Anglo-Dutch consumer product group Unilever NV/Plc decided to ban super-slim models and actors from its advertising, joining growing global ambitions to fight eating disorders such as anorexia.

Fashion designers, model agencies and the media have been widely attacked for promoting an emaciated look which critics say contributes to eating disorders among young girls.

“Unilever has adopted a new global guideline that will require that all its future marketing communications should not use models or actors that are either excessively slim or promote ‘unhealthy’ slimness,” Ralph Kugler, president of Unilever’s home and personal care division, said on Tuesday.

Unilever, which makes Lipton teas and Skippy peanut butter, said it will not impose strict criteria for models and actors, but all brand directors and agencies would be expected to use a body mass index (BMI) of between 18.5 and 25 as a guideline for models and actors.

BMI is a measure expressed as a ratio of weight to height.
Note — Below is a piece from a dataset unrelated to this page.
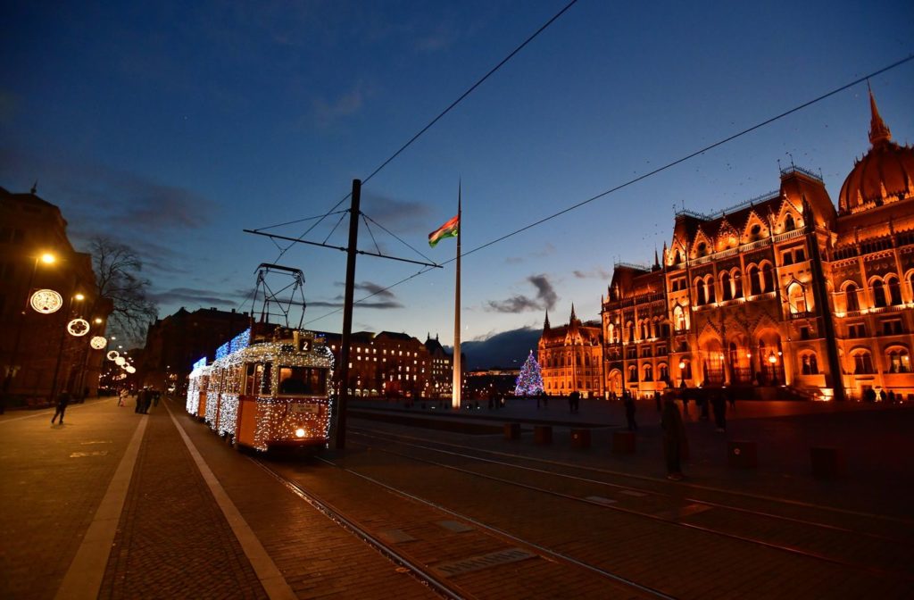 Die Weihnachtstram vor dem Parlament / Foto: MTI/Mónus Márton

The World Health Organization considers anyone with a BMI below 18.5 underweight. A BMI below 17.5 is one of the criteria for the diagnosis of anorexia nervosa and a BMI nearing 15 is usually used as an indicator for starvation.

The issue of size zero or “skinny models” has dogged fashion shows and the beauty industry around the world after two anorexic Latin American models died last year.

It came under the international spotlight during the spring fashion season in New York, Milan, Paris and London earlier this year after Madrid last year banned models with a BMI below 18 from taking part in fashion shows.

Unilever ranks behind Nestle and Kraft among the top global food companies and spent more than 5 billion euros ($6.77 billion) last year on advertising and promotion, according to Dutch media.